Canada is one of the freest countries in the world. That’s not spin. It’s a fact confirmed by Canadians in recent polling.
But we cannot take for granted the real angst and frustrations many Canadians have felt and endured under the identity politics regime of Justin Trudeau these past seven years.
He has sowed the seeds of division – we see where that road leads.
Under the Trudeau government, Canadians have seen a sharp increase in public frustration and a rise in blockades, whether over our resources and critical infrastructure or due to pandemic restrictions.
We’ve watched as women in senior decision-making roles were expelled from his government for challenging his behaviour.
We’ve heard barely a whisper of how his government intends to prepare us for future pandemics or an acknowledgement of the very real need to reform our healthcare system.
We’ve seen him prioritize ideology, ramming through a carbon tax hike at a time when household affordability has never been a greater concern.
We stood by, left unprepared to support Ukraine against Russia’s invasion.
And this week, we were reminded that his inaction and indifference have failed to safeguard the rights of women, minorities and LGBTQ2S personnel from a rampant culture of sexual misconduct in our armed forces.
We don’t have a freedom problem.

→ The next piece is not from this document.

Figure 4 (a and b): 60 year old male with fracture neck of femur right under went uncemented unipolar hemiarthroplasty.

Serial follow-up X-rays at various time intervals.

We have a Trudeau problem.
Out-of-control inflation. An opioid crisis on our streets. A housing affordability crisis. Pipelines left to waste. Rising hate crimes.

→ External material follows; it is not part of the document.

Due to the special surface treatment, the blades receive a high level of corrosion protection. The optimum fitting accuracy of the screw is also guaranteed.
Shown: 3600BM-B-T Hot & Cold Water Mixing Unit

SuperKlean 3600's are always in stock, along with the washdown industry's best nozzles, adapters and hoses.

These are serious domestic challenges compounded by war in Ukraine, a sovereign nation invaded by those who oppose democratic values.
You would think that, given the severe challenges facing our country, our Prime Minister would be moving at breakneck speed to get our economy on track, shore up our national defence, and protect our most vulnerable.

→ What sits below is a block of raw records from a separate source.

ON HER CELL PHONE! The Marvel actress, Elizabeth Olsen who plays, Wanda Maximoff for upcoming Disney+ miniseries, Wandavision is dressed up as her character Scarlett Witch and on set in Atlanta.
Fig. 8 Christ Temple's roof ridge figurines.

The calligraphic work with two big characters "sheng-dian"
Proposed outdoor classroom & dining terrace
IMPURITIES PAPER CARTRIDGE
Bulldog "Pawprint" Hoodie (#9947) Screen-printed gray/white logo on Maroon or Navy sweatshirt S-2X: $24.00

But Justin Trudeau isn’t doing any of that. He has failed, and Canadians have every right to feel uncertain about the credibility of his leadership, and the credibility of copycat politicians.
The choices we make as the Conservative Party of Canada matter a great deal to the future of our country – not just our Party.
I believe Canada needs serious Conservative leadership to hold the Liberal-NDP coalition accountable and to prepare to govern during one of the most disruptive and challenging times in our nation’s history.
I also believe Canadians expect the Conservative Party of Canada to be the robust and serious alternative to Trudeau’s wedge politics.
From the onset of my campaign launch, I decided to focus on developing substantive policy ideas.
We owe it to Party members and Canadians to debate the kind of Conservative Party of Canada we want to be.
What do we stand for? Conspiracy theories that encourage lawlessness, the promotion of bizarre economic ideas and the exploitation of anger?
What do we care about? YouTube shares and shock and awe commentary to reward our social media algorithms?
I hope not.
I believe in a conservatism that is open to progress. This race has never been about hyphenating conservatives. It’s been about being relevant on the issues that matter to Canadians today and for the foreseeable future.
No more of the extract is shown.